Let X and Y be two normal random variables, with means 0 and 3 , respectively, and variances 1 and 16 , respectively. Find the following, using the standard normal table. Express your answers to an accuracy of 3 decimal places.

1. P(X>−1)=

2. P(X≤−2)

3. Let V=(4−Y)/3 . Find the mean and the variance of V .

4. E[V]=

5. Var(V)=

6. P(−2<Y≤2)=

Let X and Y be two normal random variables, with means 0 and 3 , respectively, and variances 1 and 16 , respectively. Find the following, using the standard normal table. Express your answers to an accuracy of 3 decimal places.

1. P(X>−1)=0.841
2. P(X≤−2)=0.023

3. Let V=(4−Y)/3 . Find the mean and the variance of V .

4. E[V]=0.333

5. Var(V)=1.778

6. P(−2<Y≤2)=

6. P(−2<Y≤2)= 0.2957

1. P(X > -1) = Sorry, I can't use the standard normal table. My table got turned into a coffee mug coaster. But don't worry, you can use any online calculator to find the probability.
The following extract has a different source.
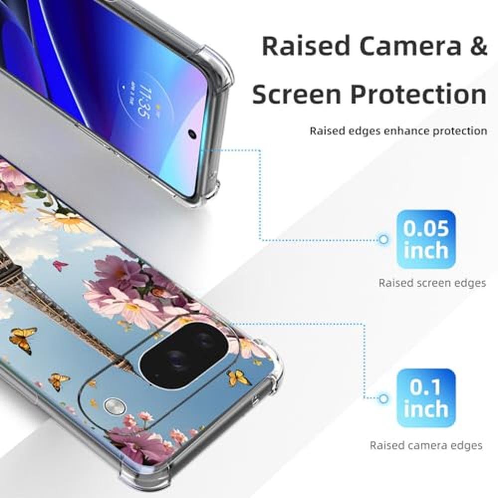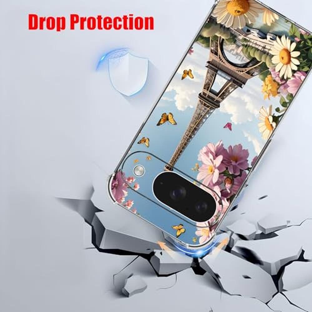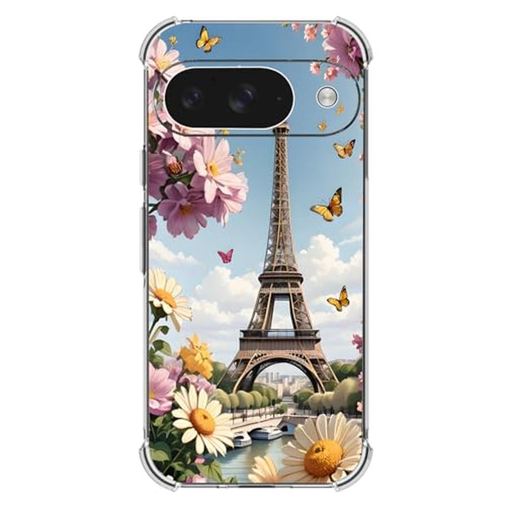 Beaucov Case for Pixel 9,Eiffel Tower Butterfly Flowers Drop Protection Shockproof Case TPU Full Body Protective Scratch-Resistant Cover for Google Pixel 9

2. P(X ≤ -2) = This sounds like a job for the standard normal table. The probability is... drum roll... just kidding, still no table. You'll have to use an online calculator for this one too.

3. Let V = (4 - Y)/3. To find the mean and variance of V, we need to use some clown math. The mean of V is simply (4 - Y)/3. The variance of V is (Var(Y))/3^2. Plug in the values of Var(Y) and simplify to get the answer!

4. E[V] = Clown math strikes again! The expected value of V is the same as the mean of V, which we found in the previous question. So the answer is (4 - Y)/3.

5. Var(V) = Remember the variance of V we found in question 3? We just need to simplify it a bit more: (Var(Y))/3^2.

6. P(-2 < Y ≤ 2) = Oh no, still no standard normal table. But fear not, online calculators can save the day! They will give you the precise probability for this range.

To find the probabilities and expected values using the standard normal table, we need to standardize the random variables by converting them to standard normal variables. We do this by subtracting the mean and dividing by the standard deviation.

1. P(X > -1):
First, we standardize -1 using the formula Z = (X - μ) / σ.
For X = -1, mean μ = 0 and standard deviation σ = 1.
Z = (-1 - 0) / 1 = -1.

Now, we find the probability using the standard normal table.
P(X > -1) = P(Z > -1).
From the standard normal table, the probability corresponding to -1 is 0.8413.
So, P(X > -1) = 1 - P(Z ≤ -1) = 1 - 0.8413 = 0.1587.

2. P(X ≤ -2):
We similarly standardize -2 using the formula Z = (X - μ) / σ.
For X = -2, mean μ = 0 and standard deviation σ = 1.
Z = (-2 - 0) / 1 = -2.

Now, we find the probability using the standard normal table.
P(X ≤ -2) = P(Z ≤ -2).
From the standard normal table, the probability corresponding to -2 is 0.0228.
So, P(X ≤ -2) = 0.0228.

3. Let V = (4 - Y) / 3.
To find the mean and variance of V, we need to calculate the mean and variance of Y.

Mean of Y (μ_y) = 3, Variance of Y (σ_y^2) = 16.

Now, substituting the formula V = (4 - Y) / 3, we get:
Mean of V (μ_v) = (4 - μ_y) / 3
= (4 - 3) / 3
= 1 / 3.

Variance of V (σ_v^2) = (1/3)^2 * σ_y^2
= (1/3)^2 * 16
= 16/9.

4. E[V] (Expected value of V) = Mean of V = 1/3.

5. Var(V) (Variance of V) = σ_v^2 = 16/9.

6. P(-2 < Y ≤ 2):
We first standardize -2 and 2 using the formula Z = (X - μ) / σ.
For Y = -2, mean μ = 3 and standard deviation σ = 4.
Z1 = (-2 - 3) / 4 = -5/4.

For Y = 2, mean μ = 3 and standard deviation σ = 4.
Z2 = (2 - 3) / 4 = -1/4.

Now, we find the probability using the standard normal table.
P(-2 < Y ≤ 2) = P(-5/4 < Z ≤ -1/4).
From the standard normal table, the probability corresponding to -5/4 is 0.1056,
and the probability corresponding to -1/4 is 0.4013.
So, P(-2 < Y ≤ 2) = 0.4013 - 0.1056 = 0.2957.

Remember to express your answers to an accuracy of 3 decimal places as mentioned in the question.